【学習センター機関誌から】寄席の縁起担ぎと粋な客

放送大学 東京文京学習センター 非常勤講師

春風亭昇吉

~春風亭昇吉先生 真打昇進 おめでとうございます!~

春風亭昇吉でございます。
私は、4年前から放送大学 東京文京学習センターで『人生が愉しくなる落語学』という面接授業を受け持っております。

まず、落語の実演、そのあとホワイトボードやプリントを使った文化背景や語彙の確認、そして教科書を使った落語の基礎知識の学習、という三部構成です。
古典落語の楽しさ、そして、周辺知識の生涯学習を通じて人生を愉しくするというコンセプトが受け入れられ、開講以来、毎回定員オーバーで抽選がおこなわれる程、支持を頂いております。

去年、2021年5月に私は真打に昇進しました。昇進記念で東大安田講堂にて昇進披露公演も行いました。
落語家には、前座・二つ目・真打という3階級があります。しかし、真打はゴールではなく、スタートラインです。これからもっと頑張っていきたいと思っています。 応援宜しくお願い致します。

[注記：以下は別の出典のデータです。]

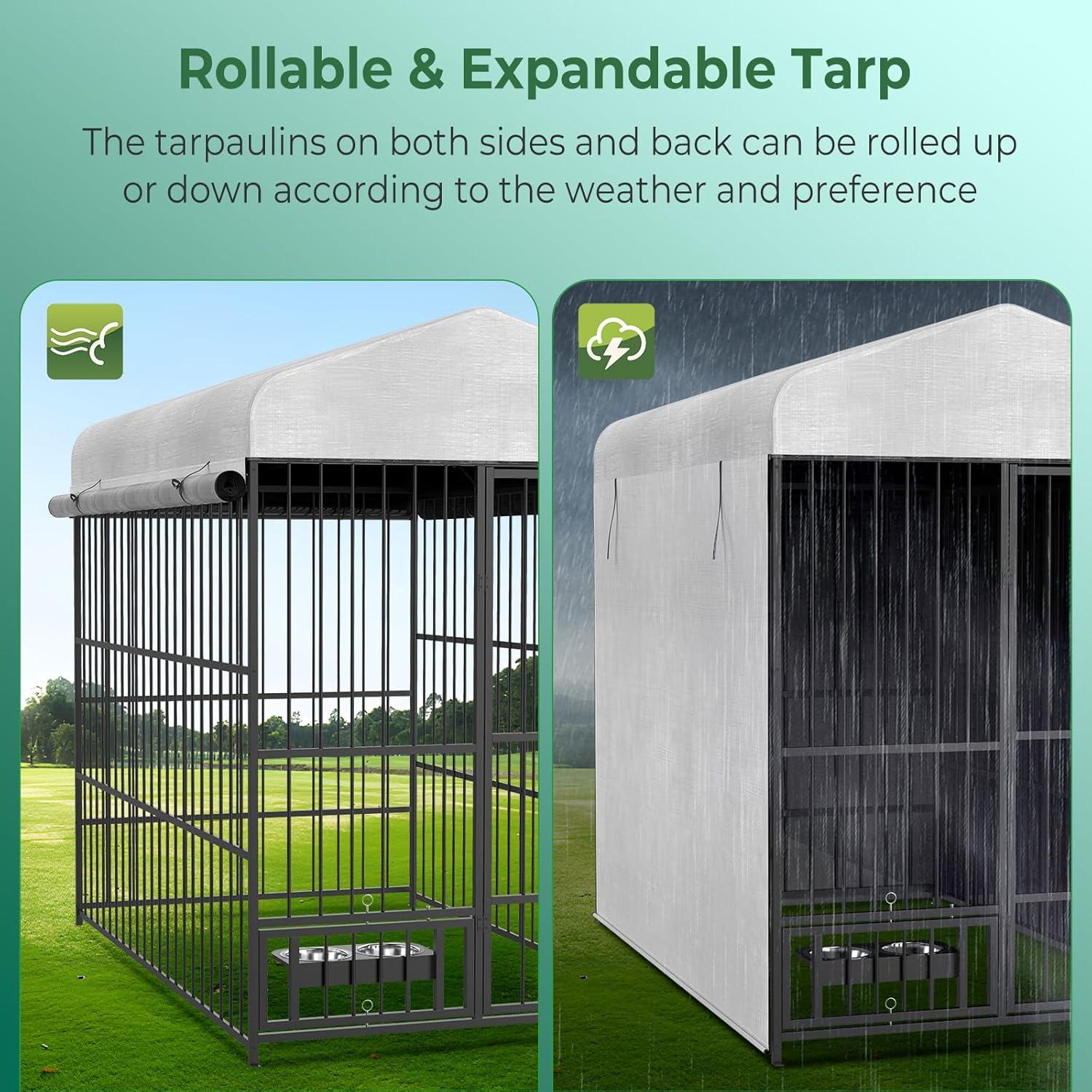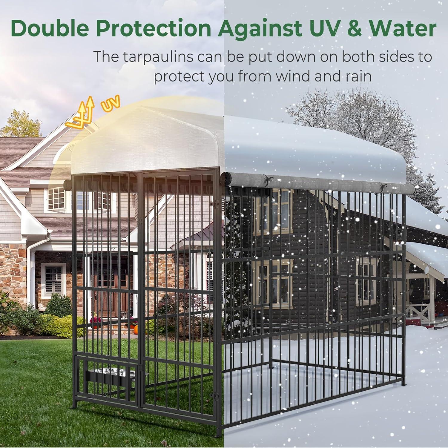 THREE-SIDED PROTECTIVE TARP: This outdoor dog kennel has a removable 180g waterproof, UV-proof tarp, double-coated to prevent cracking or fading; cover sides and back to protect pets from bad weather, roll up for better view and fresh air in good weather
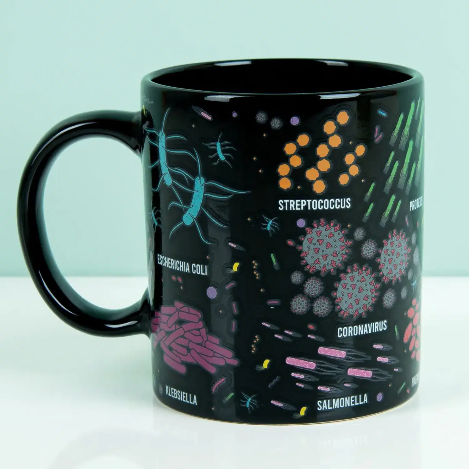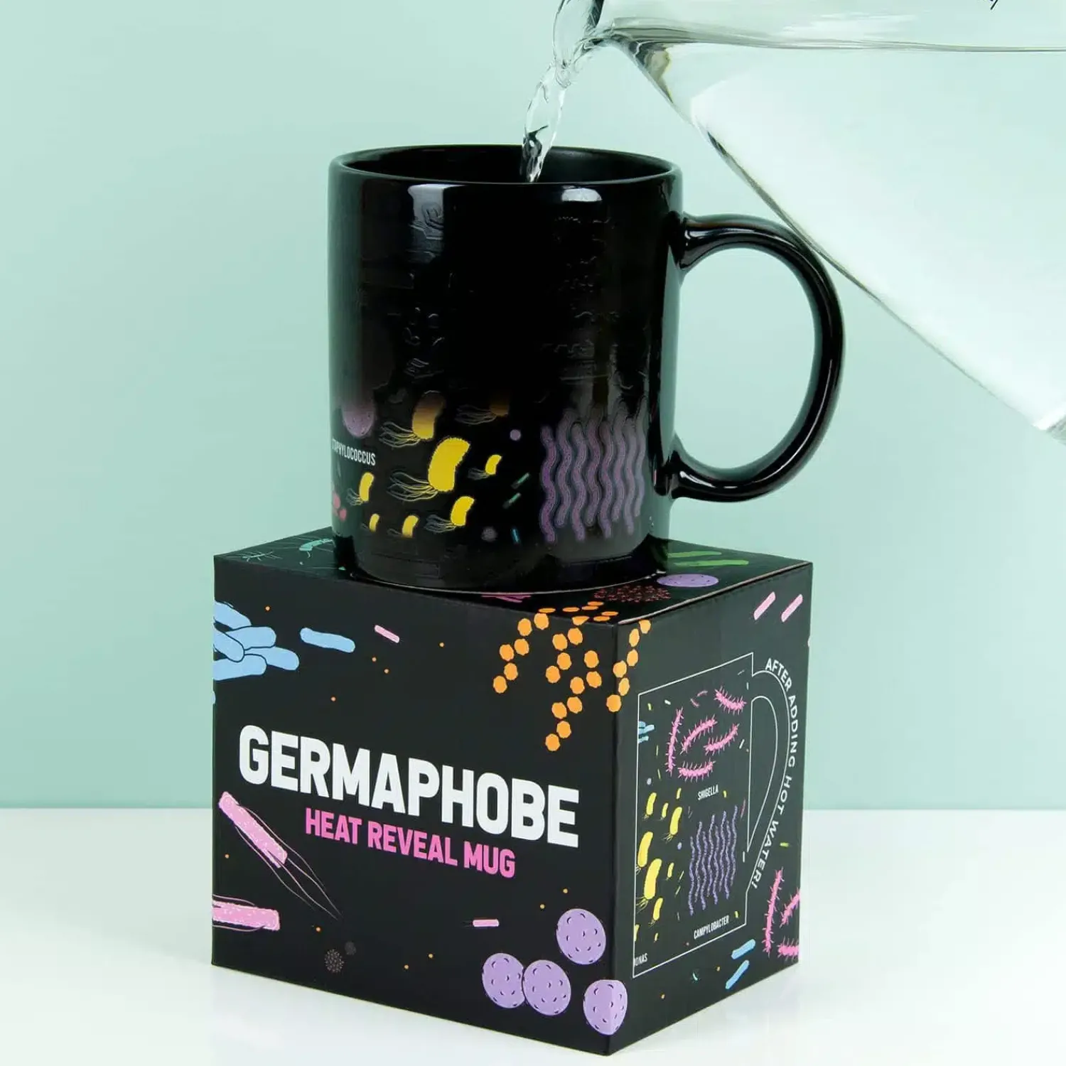 Lopen de rillingen over jouw rug als je weet dat je op een plek moet gaan zitten waar eerder iemand anders zat? Heb je standaard natte doekjes in je tas? Dan is de Warmtegevoelige germafoob mok van Gift Republic niks voor jou. Maar we kunnen niet beloven dat je vrienden hem niet cadeau zullen doen als cadeautje. De mok lijkt in eerste instantie gewoon een zwarte mok. Maar schenk je er een hete drank in, dan verschijnen er allemaal bacteriën op de mok. Van salmonella tot streptokokken en e-coli: deze bacteriën houden je gezelschap als je je koffie drinkt.
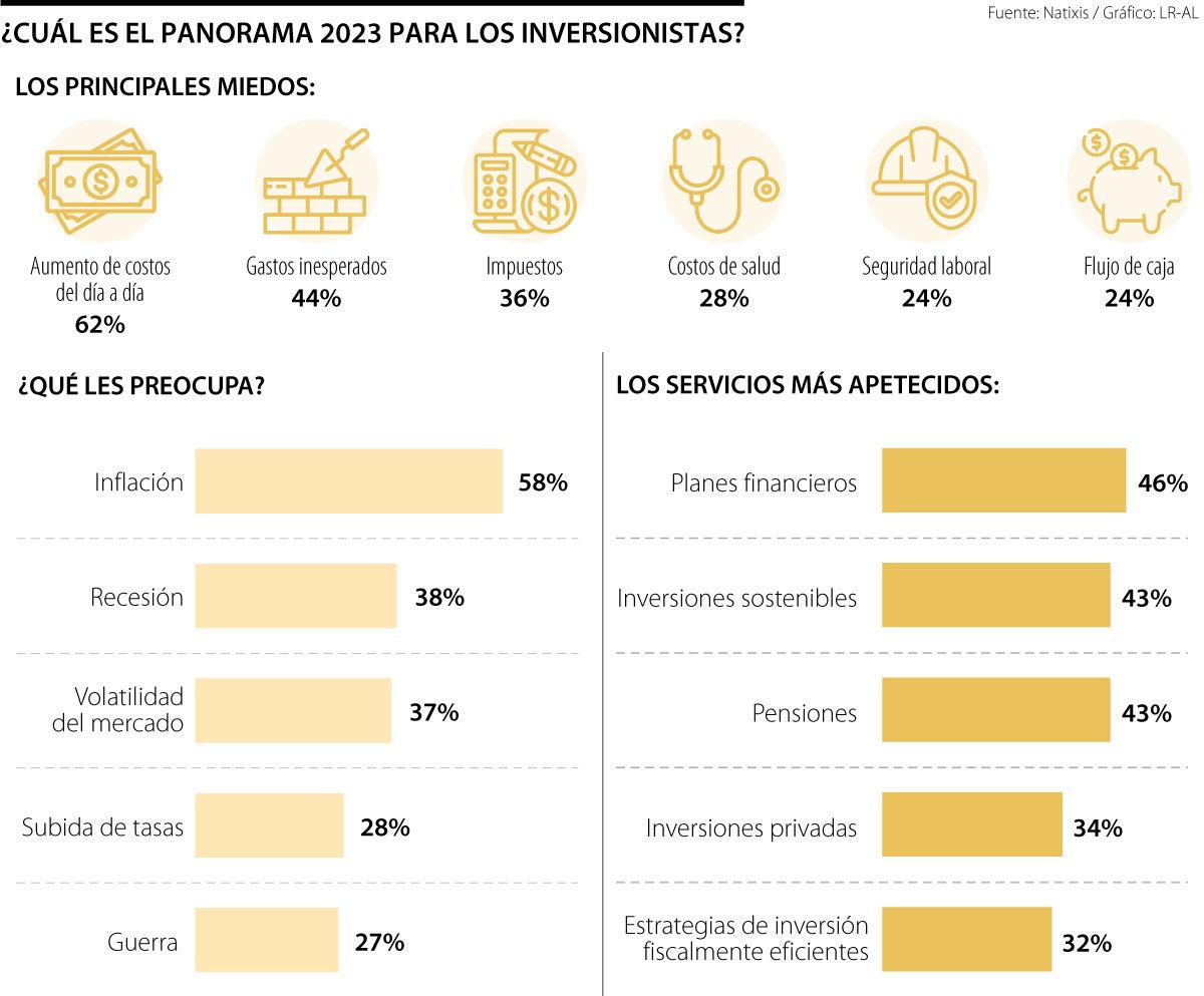 “Frente a un mundo más complicado y un panorama de inversión más desafiante, los inversionistas están empezando a darse cuenta del verdadero valor del asesoramiento profesional y un servicio específico establecido”, dice el estudio. Finalmente, Natixis preguntó sobre el ánimo de los inversionistas para 2023, 30% dijo sentirse seguro, 24% preparado, 22% estresado y 7% deprimido.
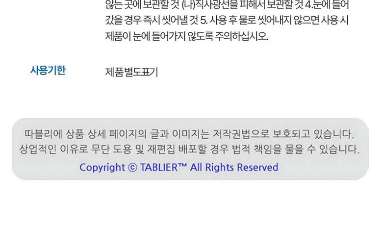 | 사용기한 또는 개봉 후 사용기간 | 개봉 후 3년(제품에 별도표기) | 사용방법 | 상품 상세페이지 참조 |
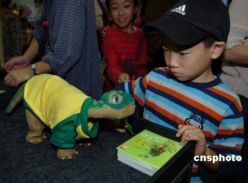 圖為能與主人進(jìn)行情感交流的電子恐龍。中新社發(fā) 朱沿華 攝
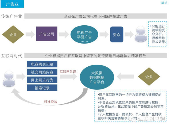 2、未來(lái)廣告業(yè)將依托互聯(lián)網(wǎng)大數(shù)據(jù)進(jìn)行再建立。在未來(lái),在你酒后駕車(chē)被罰后,也許你老婆的手機(jī)里面會(huì)出現(xiàn)是否需要為你購(gòu)買(mǎi)保險(xiǎn)的短信廣告。
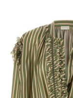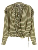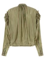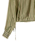 ‘cenever bis’ cupro shirt with striped pattern ruffles on the front and sleeves, Wide crossed v-neck on the front, Ruffles on the back, Long sleeves with cuffs, Drawstring on the hem.
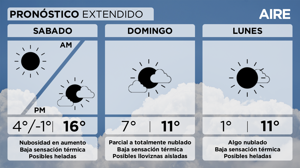 Esto se prolongará en la mañana del sábado, registrando bajas temperaturas y posibles heladas nuevamente. Sin embargo, se espera que los valores puedan ser levemente más elevados que los de hoy, debido al viento del noreste. En el transcurso de la tarde comenzará a aumentar la nubosidad, lo que limitará las mínimas para el domingo.
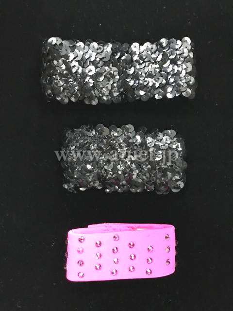 黒のスパンコール生地のボディには大粒のスワロフスキーが装飾されています。
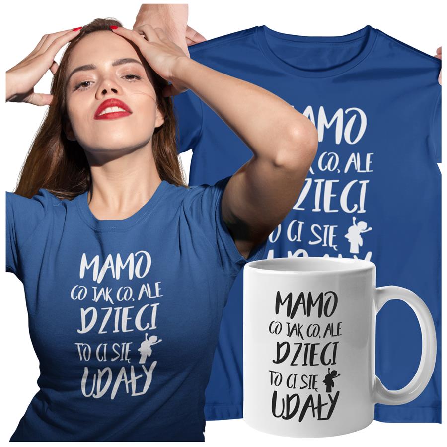 Koszulka dla Mamy na Dzień Mamy z kubkiem prezent z napisem MAMO co jak co, ale dzieci to Ci się udały kolor granatowy
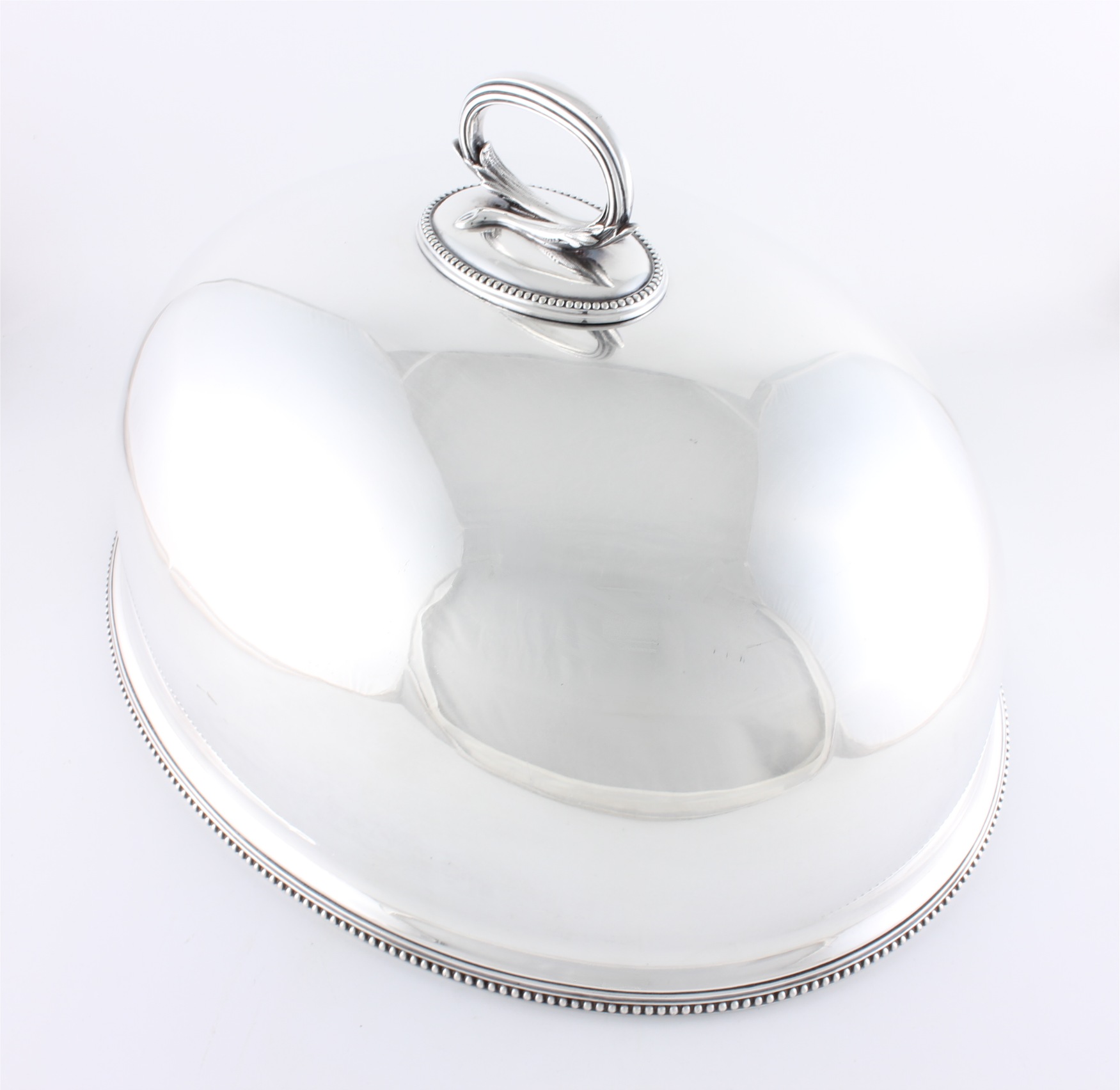 This fine quality antique meat dome which has a fabulous look with beaded edging decoration to the bottom rim and lifting handle is a heavy gauge and is the perfect size for covering your large Sunday roast or Christmas lunch.
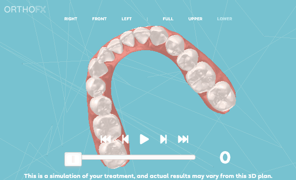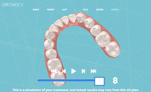 Later that day, I got a link from OrthoFX to see a 3D rendering of what my teeth would look like at each step of my treatment. It was so cool! I could look at my teeth from any angle and fiddle with the little time-lapse bar to watch them move back and forth. Crooked, straight, crooked, straight. I probably played with it for an hour before I went to bed that night.
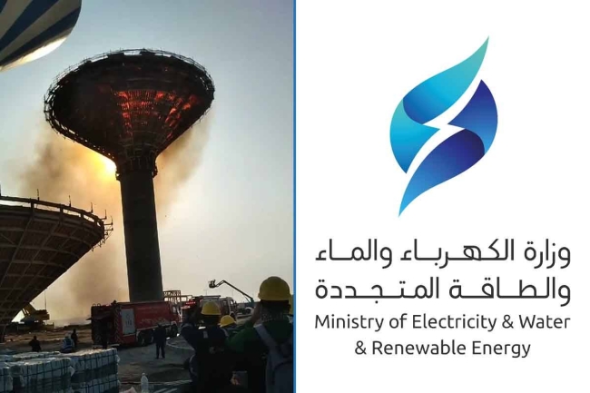 أكدت وزارة الكهرباء والماء والطاقة المتجددة أن برج المياه قيد الإنشاء الذي اشتعلت فيه النيران ليس ضمن مشاريع المنشآت المائية التابعة للوزارة. وقالت أن البرج
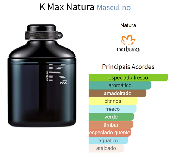K Max de Natura é um perfume Amadeirado Aromático Masculino. K Max foi lançada em 2019. K Max foi criado por Verônica Kato, Nicolas Beaulieu e Jean-Christophe Hérault. As notas de topo são: Hortelã, Pimenta Preta, Notas Aquosas, Cítricos, Gengibre, Pimenta Rosa, Toranja e Estoraque. As notas de coração são: Couro, Olíbano, Lavanda, Zimbro, Violeta e Cardamomo. As notas de fundo são: Xtreme Ambarino, Vetiver, Cedro, Patchouli, Almíscar, Breu-Branco, Cashmeran e Sândalo.
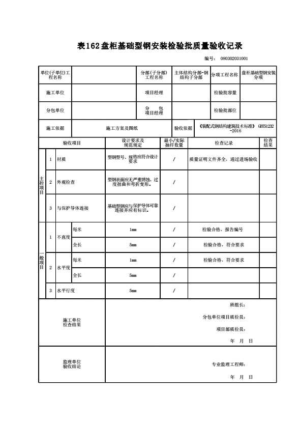 表格名称:080302031001 盘柜基础型钢安装检验批质量验收记录
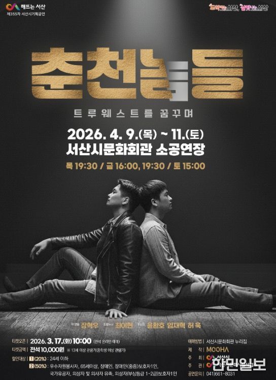 정동호 서산시 문화시설사업소장은 “연극 ‘춘천놈들’은 꿈을 좇는 청춘들의 이야기 속에서 현실의 고민과 우정의 의미를 진솔하게 담아낸 작품”이라며 “시민들이 공감과 감동을 함께 느낄 수 있는 시간이 되길 바란다”라고 말했다.
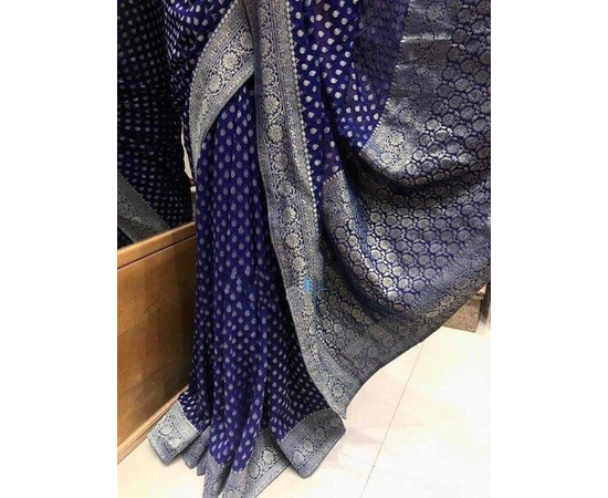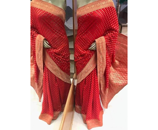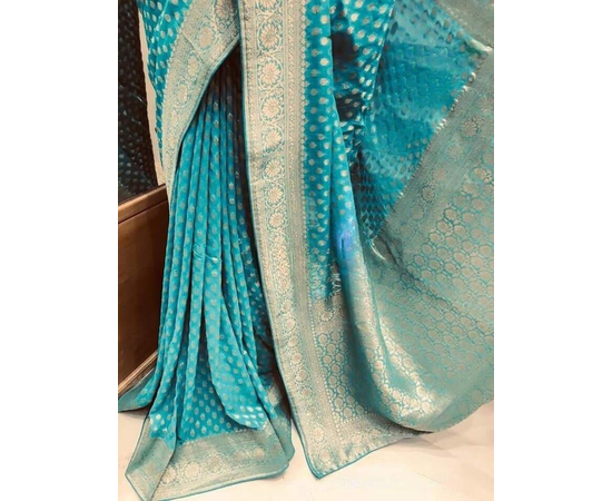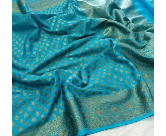 Color Options: Semi Georgette Meena Jaal Double Zari Sarees come in a wide range of colors, both bold and pastel. These colors can complement various skin tones and occasions.
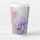 Diseño Pintado A Mano Pintado Pansies Púrpura Latte Mug. Un diseño floral de acuarela gloriosa. Diseñado a partir de mis pinturas acuáticas originales, que pinté desde mi propio jardín de flores.
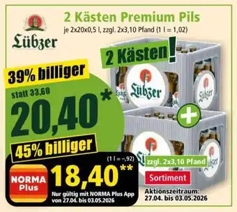 Jetzt im Angebot bei Norma: 2 Kästen Premium Pils ✅ Aktion gültig vom 27-04 bis 3-05.
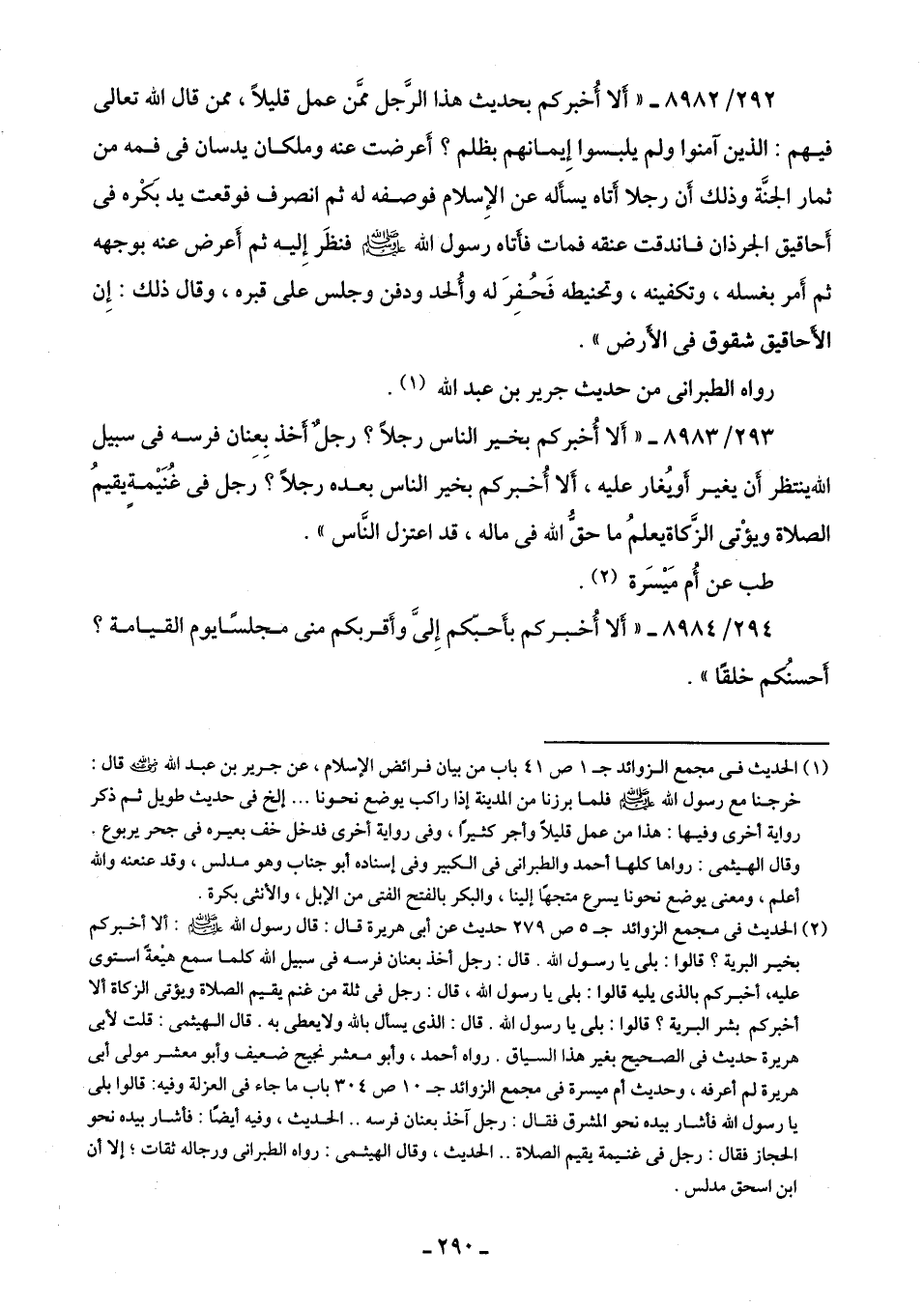 293/ 8983 - "أَلا أُخبركم بخير الناس رجلًا؟ رجلٌ أخذ بِعِنان فرسه في سبيل اللَّه ينتظر أن يغير أو يُغار عليه، أَلا أُخبركم بخير الناس بعده رجلًا؟ رجل في غُنَيْمةٍ يقيمُ الصلاة ويؤْتى الزَّكاة يعلمُ ما حقُّ اللَّه في ماله، قد اعتزل النَّاس".

さて、お正月の寄席では、縁起を担いだネタが演じられます。 「初天神」「寿限無」「かつぎや」「七福神」「一目上がり」などです。 縁起のいい笑いを観賞して、心身とも健やかになろうと、たくさんのお客様がおいでになります。 笑いは、免疫機能向上や認知症予防に効果があるというのは、医学的にも証明されています。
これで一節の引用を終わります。